When the variables are known and are taken into account, the next question arises: what exactly is “surface”? OSHA does not provide a clear definition of this term. The earlier mentioned outrigger beam may easily cover a surface of 6’ by 16’. However, this rigging equipment will most likely be resting on either foot plates or castor wheels. This results in a point load on the plates or wheels, which have a much smaller surface to divide the load.
In this situation the suspended scaffold (load force) is hanging at the front, the counterweights (effort force) are at the back and the fulcrum is in between. This is called a first class lever. In these peak load will rest entirely on the fulcrum, which is the front two plates/wheels.
The fulcrum load is calculated using the following formula: F1 = F2 * (L1+L2)/L2
In this example, the rates load of the hoist is 1,100 lbs. (F1).

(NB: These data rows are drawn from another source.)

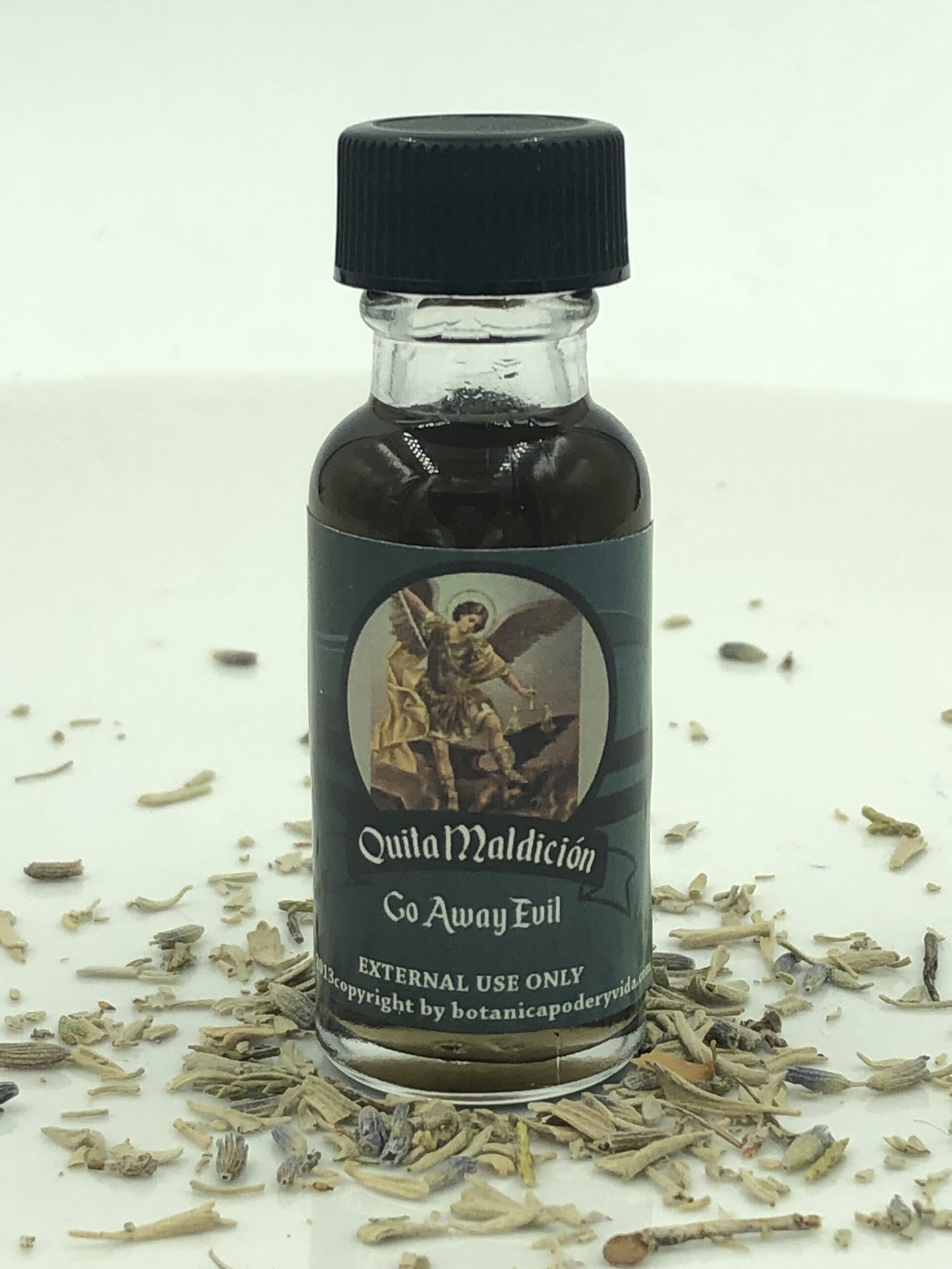Quita Maldición or Take Away Evil Oil can be used to break or weaken any spells or witchcraft that may be on you. Apply it on the body or use it to fix candles or spells. The color may be different from the image.
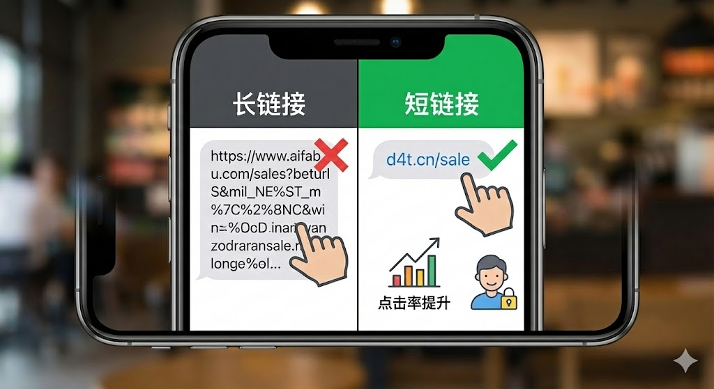 2. 心理层面:短链接通常由品牌域名 简短字符组成,比如"d4t.cn/sale",让用户快速识别来源,降低了疑虑。相比之下,带着一堆参数的长链接缺少人工编辑的温度感
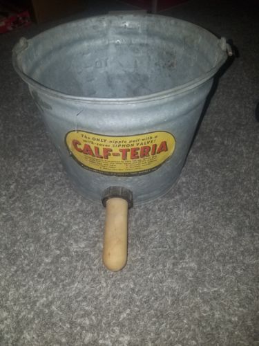Title (ebay affiliate link): Vintage Galvanized Metal Calf Watering Feeder / Bucket/ Calf-teria/ Farm Decor
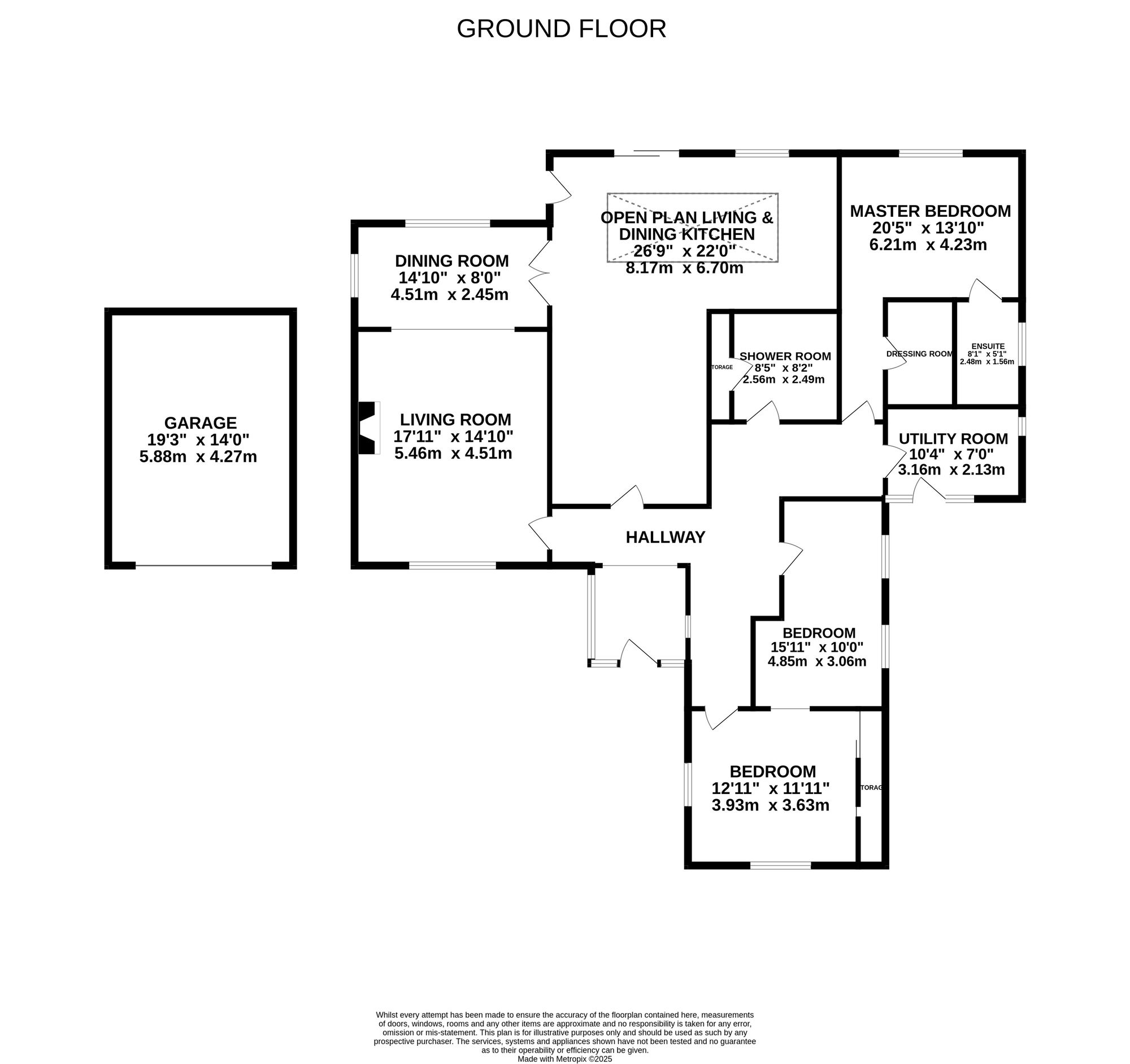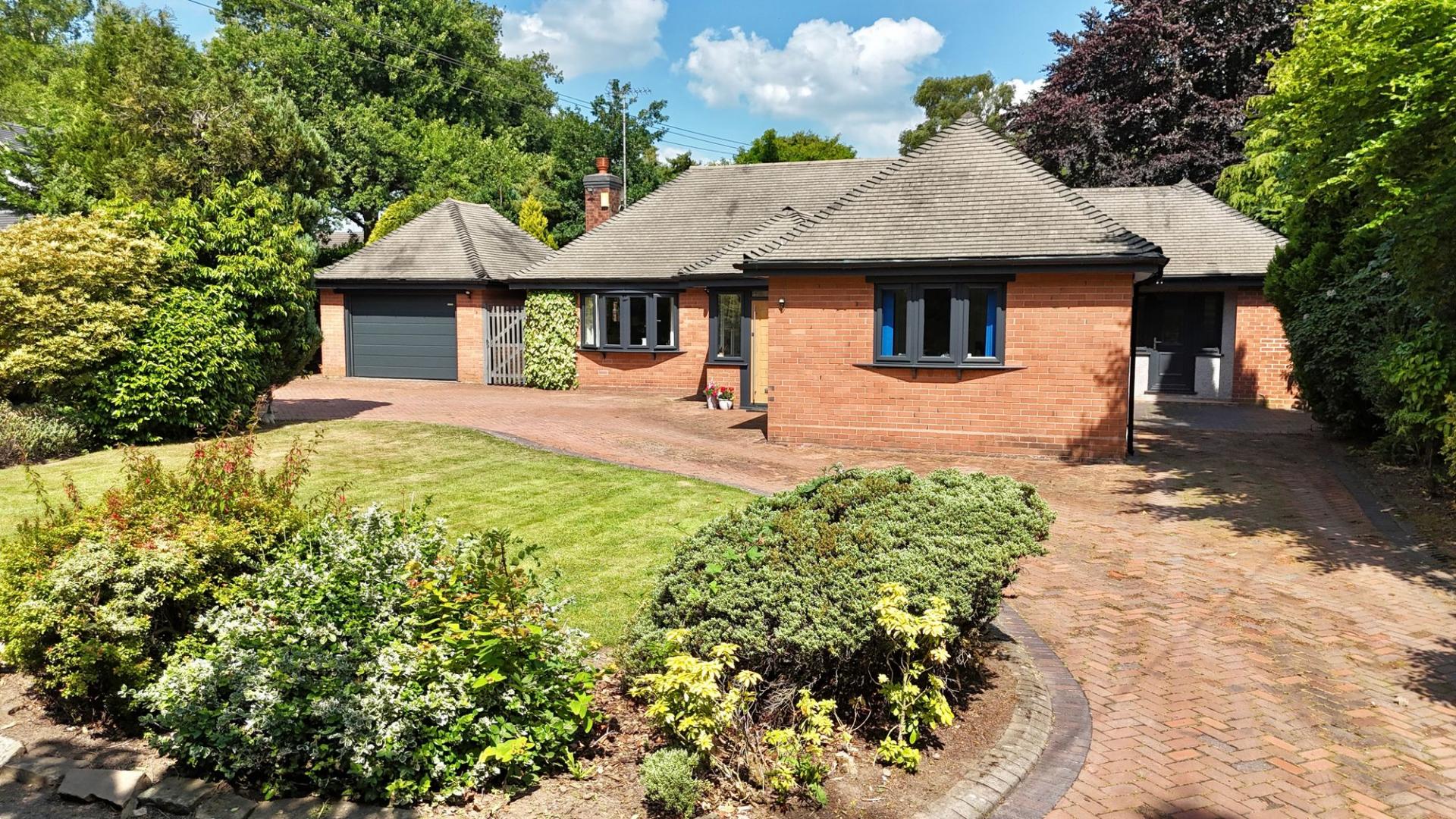 - Landscaped garden with mature trees and vibrant borders. A detached garage, ample driveway, side access, and a well-equipped utility room add everyday ease to this home’s quiet sophistication.
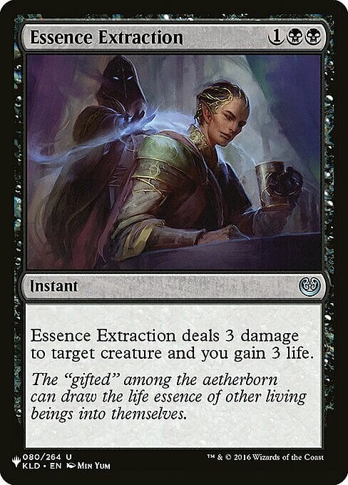 Essence Extraction deals 3 damage to target creature and you gain 3 life.
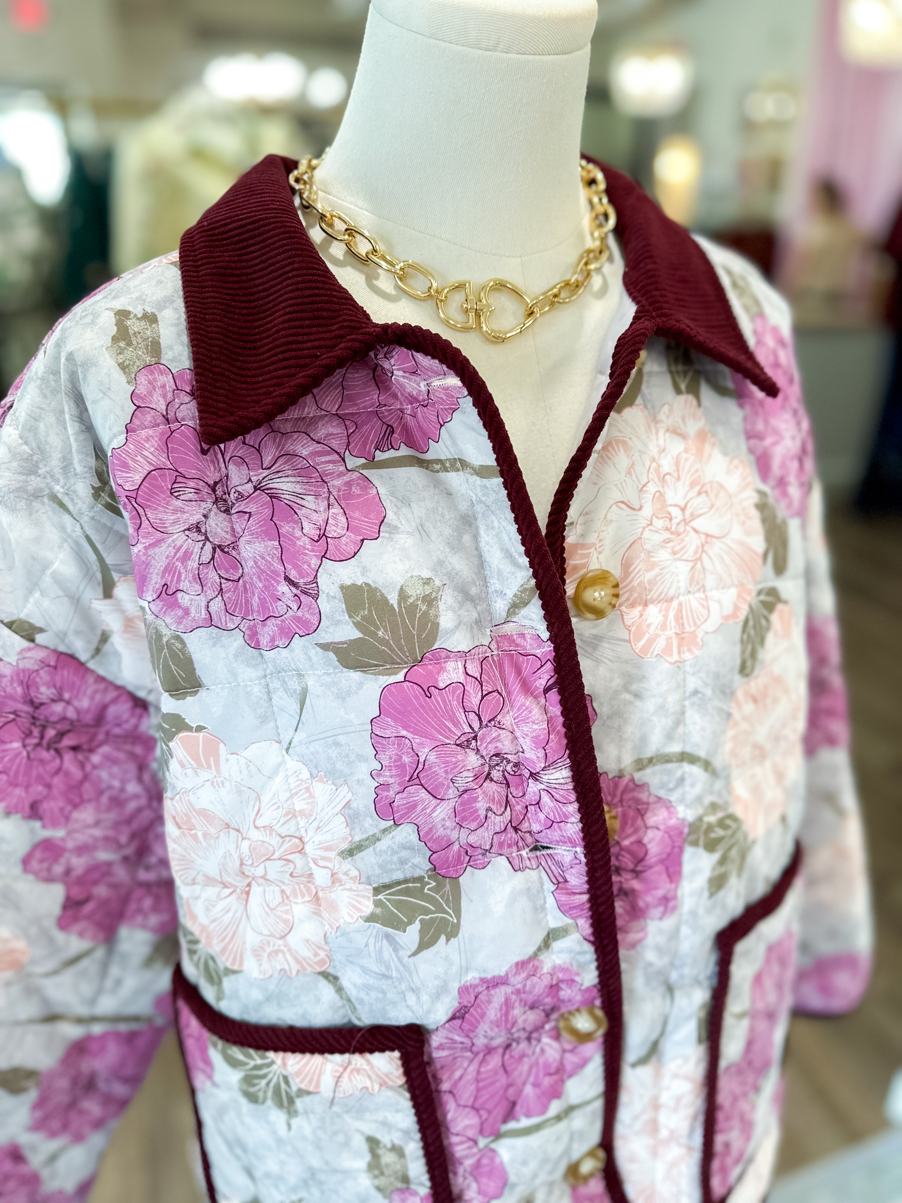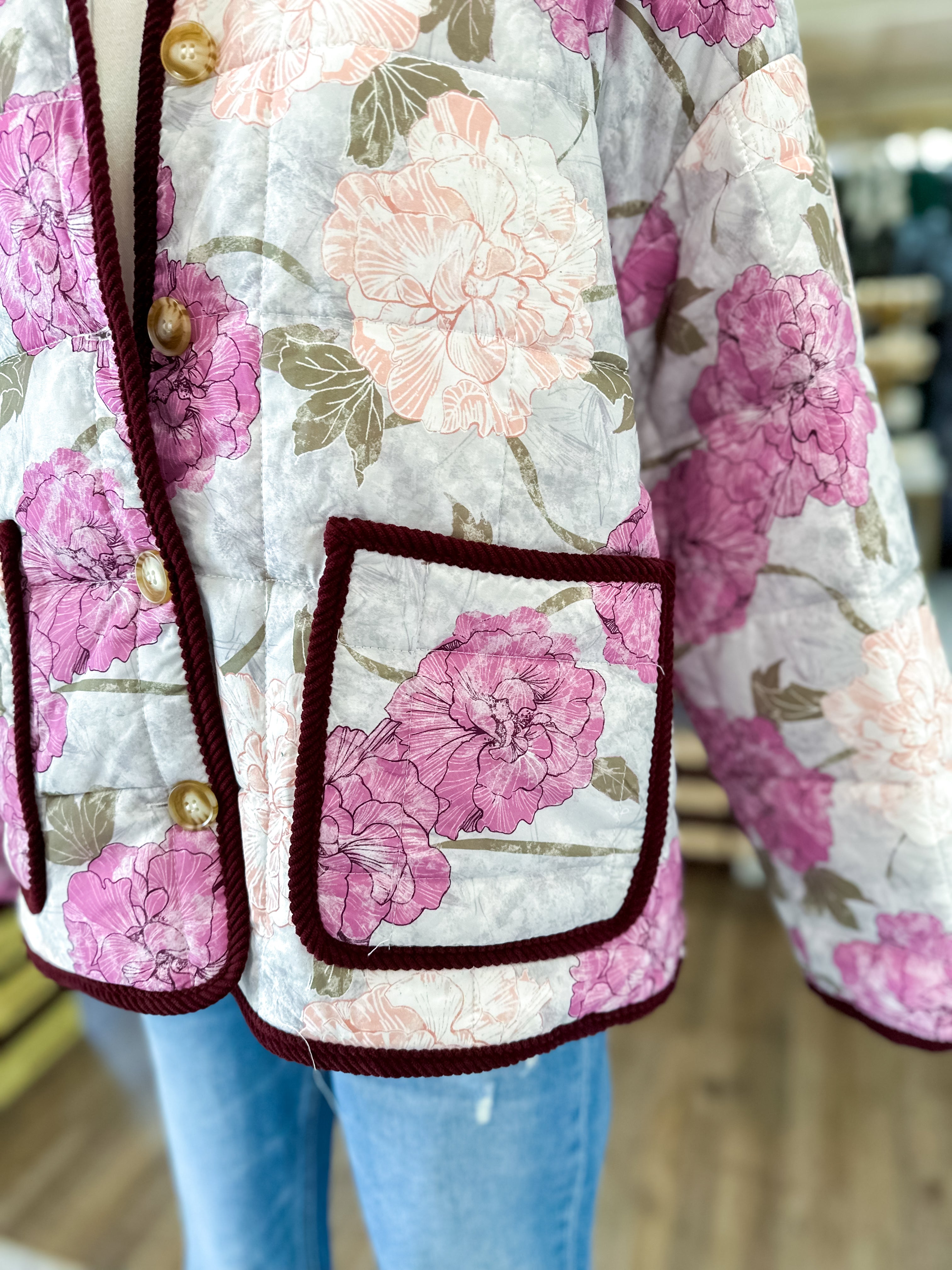 Bring cozy cottage charm into your wardrobe with this quilted floral jacket that layers beautifully for cooler days.
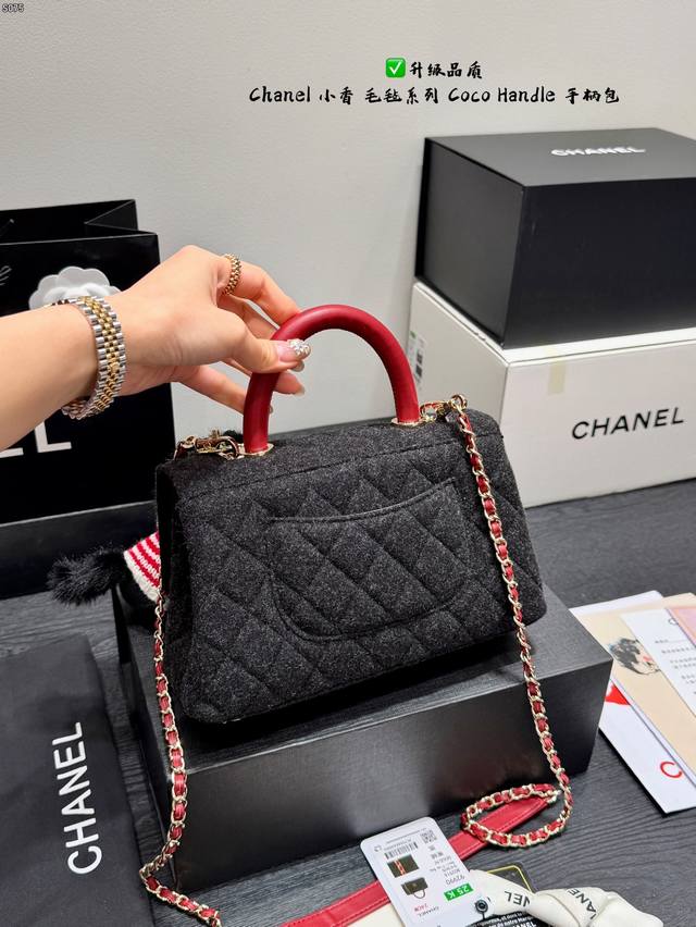 Folding Gift Box Black Horse Pendant 15 Ddd Upgraded Quality Ddd Chanel Felt Series Coco Handle Red Handle Bag, Selzburg Tweed Style Ddd Black felt + red handle, classic diamond quilting + light gold double C buckle, elegant and retro temperament full of marks. Hand-carry or crossbody, the chain and red leather interlacing design is very recognizable! The internal accordion-style dividers are convenient for storage, and can be easily handled for daily outings or formal occasions. The red handle brightens up the look, and it has a great atmosphere for autumn and winter Ddd Size 21*14Cm DDD
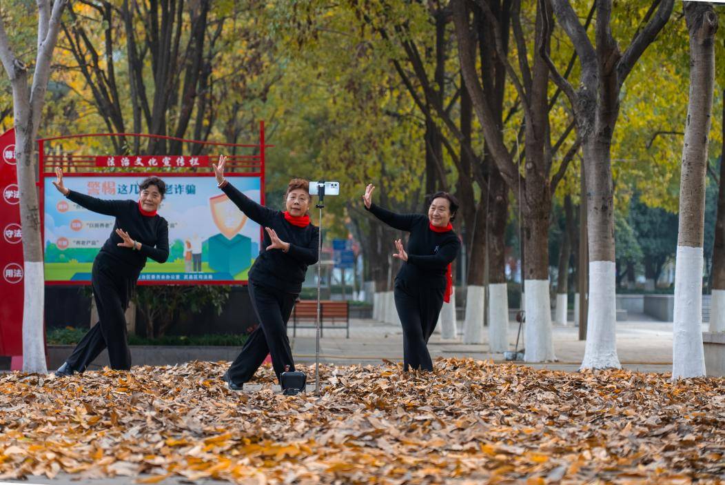为了让市民能够尽情地享受秋冬季节这份落叶的专属浪漫,留住美丽景致,洪山广场连续7年暂缓清扫落叶。
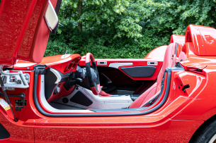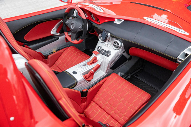Das Auto, das am 6. Oktober von Bonhams im Rahmen der Auktion The Zoute Sale angeboten wird, ist das tatsächlich letzte der 75 produzierten SLR Stirling Moss-Modelle. Er verließ das Werk am 22. Dezember 2009 und wurde als Neuwagen in die Schweiz geliefert, wo er am 16. März 2010 im Kanton Waadt zugelassen wurde. Er verfügt über eine werksseitige rote Sonderlackierung mit dem Code 000U. Darüber hinaus machen ihn einzigartige Optionen wie goldfarbene Bremssättel, eine rote Lederausstattung „Silberpfeil“ mit gelben Nähten und breite Fahrer- und Beifahrersitze nur eine Spur mehr besonders.
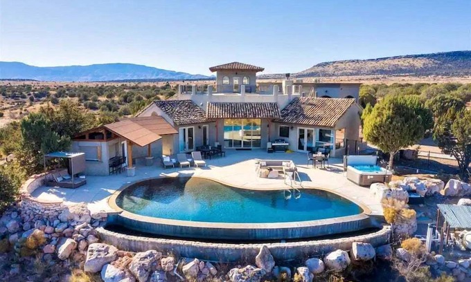 Escape to The Sanctuary at Sacred Mesa, as featured on the season finale of Sister Wives—a breathtaking 6-bedroom retreat with 4 full bathrooms, 2 half baths, and unmatched 180-degree Red Rock views. Perfect for romantic getaways, family reunions, or celebrations, this peaceful haven offers over 3,000 square feet of outdoor living space designed for both relaxation and entertainment. Take a dip in the 45-foot heated infinity pool or unwind in the 8-person hot tub. Test your skills on the 9-hole putting green, or gather on the poolside deck with an outdoor kitchen and bar. Cozy up by the fire pit, rinse off in the outdoor shower, or enjoy games like bocce ball and horseshoes. Inside, the fun continues with a media room, gym, pool table, and ping pong. The open-concept interior features a striking stone fireplace, while the gourmet kitchen boasts high-end appliances, double ovens, a 5-burner stove, and seating for up to twelve. Your stay is hosted by Superhosts Robyn, Jeff, and Tiffany of Arizona Sanctuary Experiences, so you'll have dedicated local hosts ensuring a warm welcome, seamless stay! As a special perk, guests who stay two nights or more can enjoy complimentary golf at Quailwood Greens Golf Course in Prescott, with up to 10 VIP passes included.
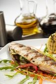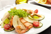 krewetki z łososiem i warzywami
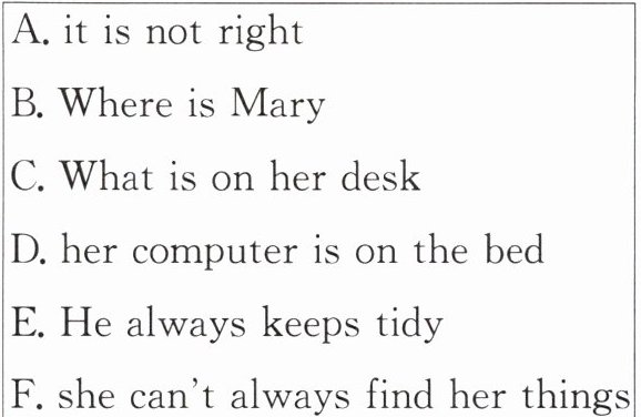 Mary is Mark's little sister. What about her room? Well, 18 . Oh, her schoolbag is on the bed too. 19 ? Her basketball, notebooks and her school things are on her desk. Mary doesn't like cleaning her room, so 20 .
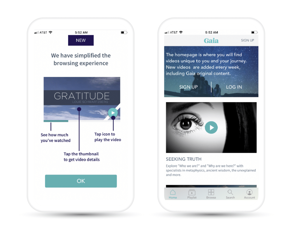 Example: In the screens below, Gaia makes it easy for users to preview what it will be like to get their app up and running by inserting tooltips into the experience, calling out where users can find important features and functionality.
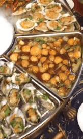 老虎虾、生蚝、扇贝、海螺、花甲 ......
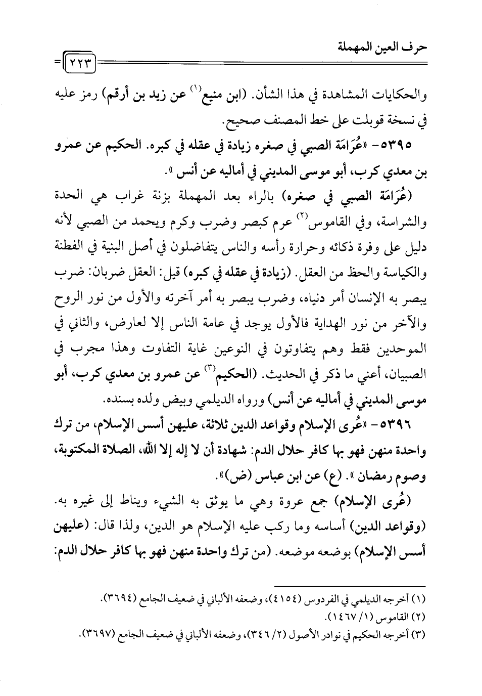 5396 - "عُرى الإسلام وقواعد الدين ثلاثة، عليهن أسس الإسلام، من ترك واحدة منهن فهو بها كافر حلال الدم: شهادة أن لا إله إلا الله، الصلاة المكتوبة، وصوم رمضان". (ع) عن ابن عباس (ض) ".
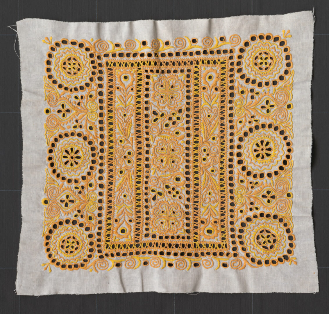 Výšivka je robená na továrenskom plátne. Predkreslený ornament je členený linkami hrachovinky. Výšivka je šitá hrubšou bavlnenou priadzou, tvoria ju dierky a motívy šité plným stehom.

This results in a fulcrum load (F2) of 1,390 lbs. The surface under the wheels or plates should be able to withstand 2780 lbs. (1,390 times 4, divided over 2 supports). That is a very high force to withstand.
To resolve this issue, we highly recommend to always use base plates to rest the supports on. These plates will help distribute the point load more evenly over a larger surface, requiring less capacity per square inch of the surface.
Before the suspended scaffold is used, OSHA requires that “direct connections shall be evaluated by a competent person who shall confirm, based on the evaluation, that the supporting surfaces are capable of supporting the loads to be imposed.” (1926.451(d)(3)(i))
Resulting in the need of a competent person always having to calculate all variables. And this every day and every time the scaffold is moved or its configuration altered.
The challenge of evaluating the safety of the system doesn’t stop there. The same competent person will have to determine and/or verify if the surface has enough load capacity stated by OSHA. But where can this information be found? The solution given, is to ask building management which may be familiar with the roof’s rated load and may have experience with such matters. Otherwise, an engineer may have to be consulted. But is the information they have access to (still) correct? Although this information is essential for working safely, they are not responsible for the work that has to be done. The competent person is. This is a lot of responsibility resting on the shoulders of said person, given not many information is at hand.
These “questions”, variables and doubtful requirements really make you wonder: how much does this standard really contribute to workers’ safety? Now, 20 years later, perhaps it is time for a standard which is clearer and easier to adopt to a specific situation, making construction work at height safer.